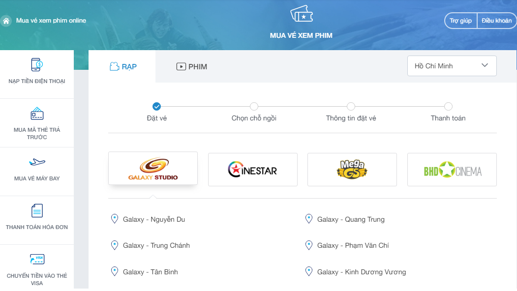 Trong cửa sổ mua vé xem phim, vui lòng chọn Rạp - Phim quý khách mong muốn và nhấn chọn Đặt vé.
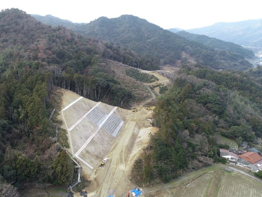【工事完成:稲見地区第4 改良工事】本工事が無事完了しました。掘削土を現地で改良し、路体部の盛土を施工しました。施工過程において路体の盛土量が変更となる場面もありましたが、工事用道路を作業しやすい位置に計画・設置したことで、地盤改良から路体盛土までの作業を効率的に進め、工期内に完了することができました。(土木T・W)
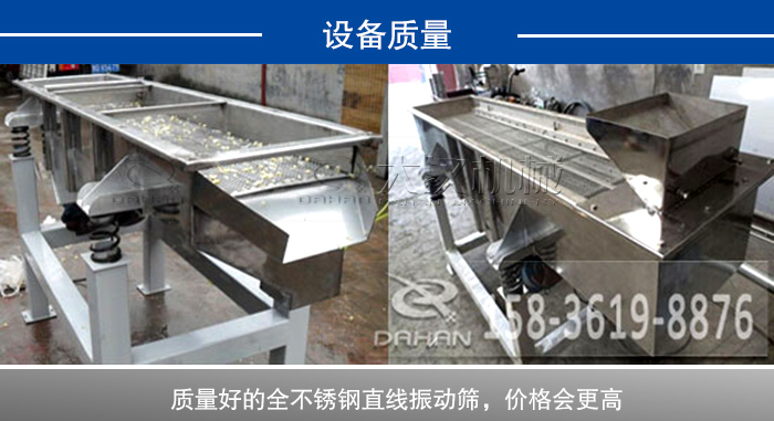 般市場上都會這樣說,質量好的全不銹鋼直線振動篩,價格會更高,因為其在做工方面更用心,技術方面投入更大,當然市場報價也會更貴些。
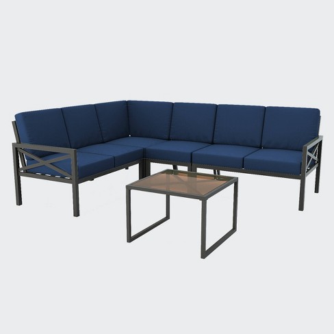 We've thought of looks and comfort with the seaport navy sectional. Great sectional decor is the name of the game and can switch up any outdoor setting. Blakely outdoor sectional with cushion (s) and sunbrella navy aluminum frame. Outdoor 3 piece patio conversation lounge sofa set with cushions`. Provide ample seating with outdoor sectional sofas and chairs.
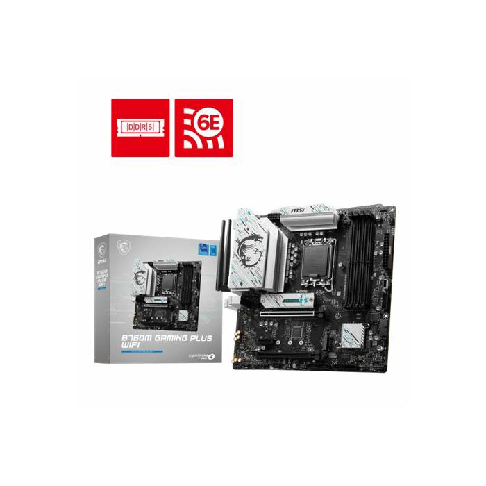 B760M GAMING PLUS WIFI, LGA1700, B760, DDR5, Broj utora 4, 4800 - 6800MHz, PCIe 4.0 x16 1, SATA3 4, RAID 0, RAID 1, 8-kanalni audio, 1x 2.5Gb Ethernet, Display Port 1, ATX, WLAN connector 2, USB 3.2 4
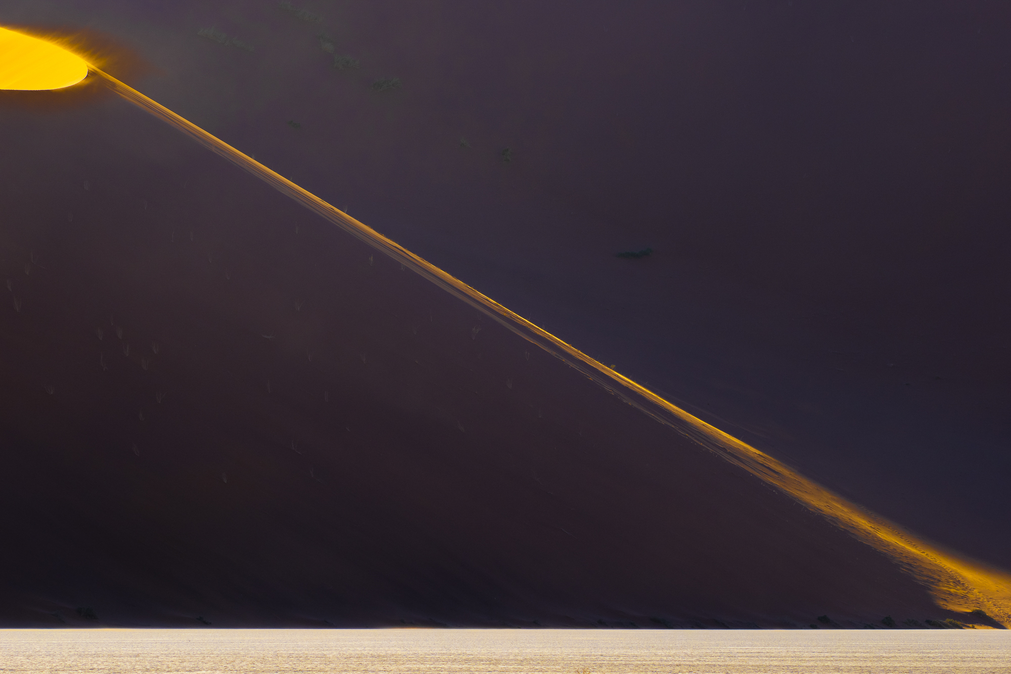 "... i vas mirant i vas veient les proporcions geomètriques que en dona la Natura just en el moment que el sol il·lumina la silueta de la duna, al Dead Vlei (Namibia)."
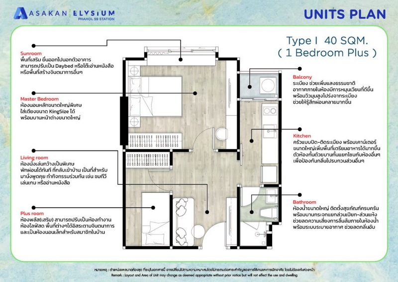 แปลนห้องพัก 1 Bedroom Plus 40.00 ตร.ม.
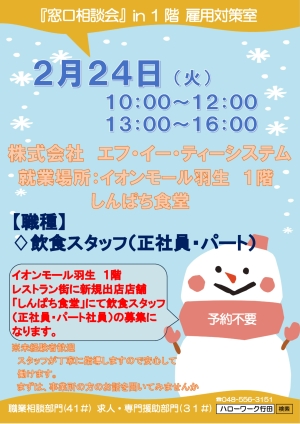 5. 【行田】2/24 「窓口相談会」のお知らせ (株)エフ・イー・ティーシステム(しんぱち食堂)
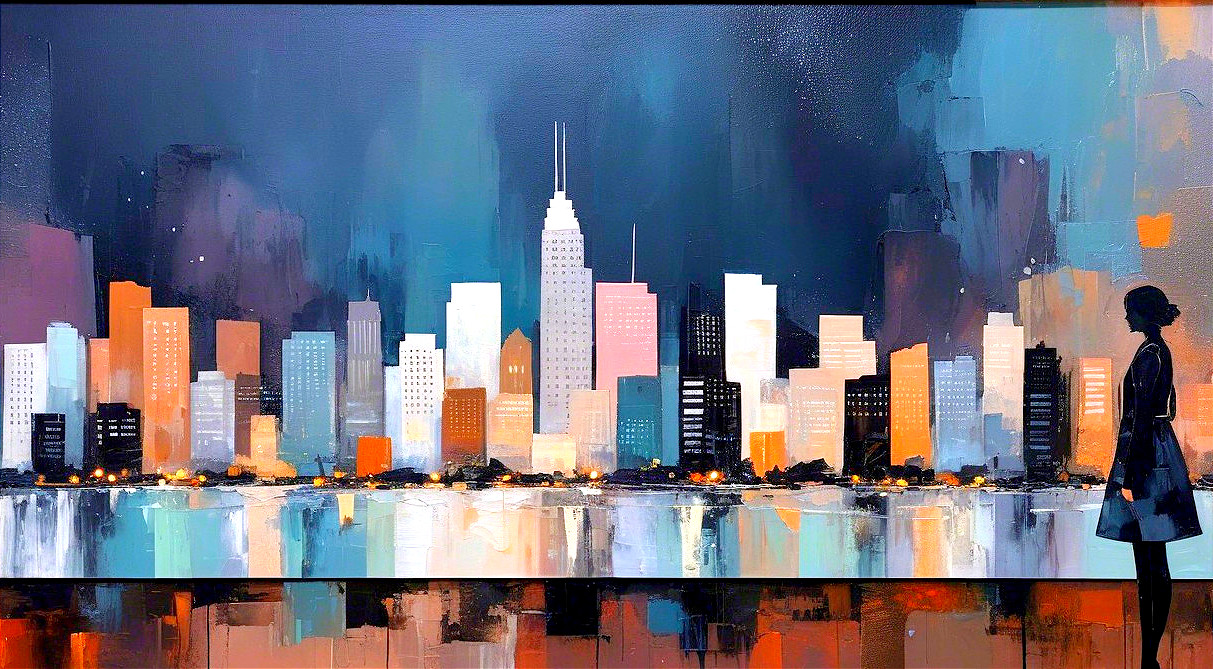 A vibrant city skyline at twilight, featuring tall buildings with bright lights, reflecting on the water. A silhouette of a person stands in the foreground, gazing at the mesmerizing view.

□ □ □

## Work order
Write out the whole listing exactly. Do not include the pictures.

## Output for this task
 Trong cửa sổ mua vé xem phim, vui lòng chọn Rạp - Phim quý khách mong muốn và nhấn chọn Đặt vé.
【工事完成:稲見地区第4 改良工事】本工事が無事完了しました。掘削土を現地で改良し、路体部の盛土を施工しました。施工過程において路体の盛土量が変更となる場面もありましたが、工事用道路を作業しやすい位置に計画・設置したことで、地盤改良から路体盛土までの作業を効率的に進め、工期内に完了することができました。(土木T・W)
 般市場上都會這樣說,質量好的全不銹鋼直線振動篩,價格會更高,因為其在做工方面更用心,技術方面投入更大,當然市場報價也會更貴些。
 We've thought of looks and comfort with the seaport navy sectional. Great sectional decor is the name of the game and can switch up any outdoor setting. Blakely outdoor sectional with cushion (s) and sunbrella navy aluminum frame. Outdoor 3 piece patio conversation lounge sofa set with cushions`. Provide ample seating with outdoor sectional sofas and chairs.
 B760M GAMING PLUS WIFI, LGA1700, B760, DDR5, Broj utora 4, 4800 - 6800MHz, PCIe 4.0 x16 1, SATA3 4, RAID 0, RAID 1, 8-kanalni audio, 1x 2.5Gb Ethernet, Display Port 1, ATX, WLAN connector 2, USB 3.2 4
 "... i vas mirant i vas veient les proporcions geomètriques que en dona la Natura just en el moment que el sol il·lumina la silueta de la duna, al Dead Vlei (Namibia)."
 แปลนห้องพัก 1 Bedroom Plus 40.00 ตร.ม.
 5. 【行田】2/24 「窓口相談会」のお知らせ (株)エフ・イー・ティーシステム(しんぱち食堂)
 A vibrant city skyline at twilight, featuring tall buildings with bright lights, reflecting on the water. A silhouette of a person stands in the foreground, gazing at the mesmerizing view.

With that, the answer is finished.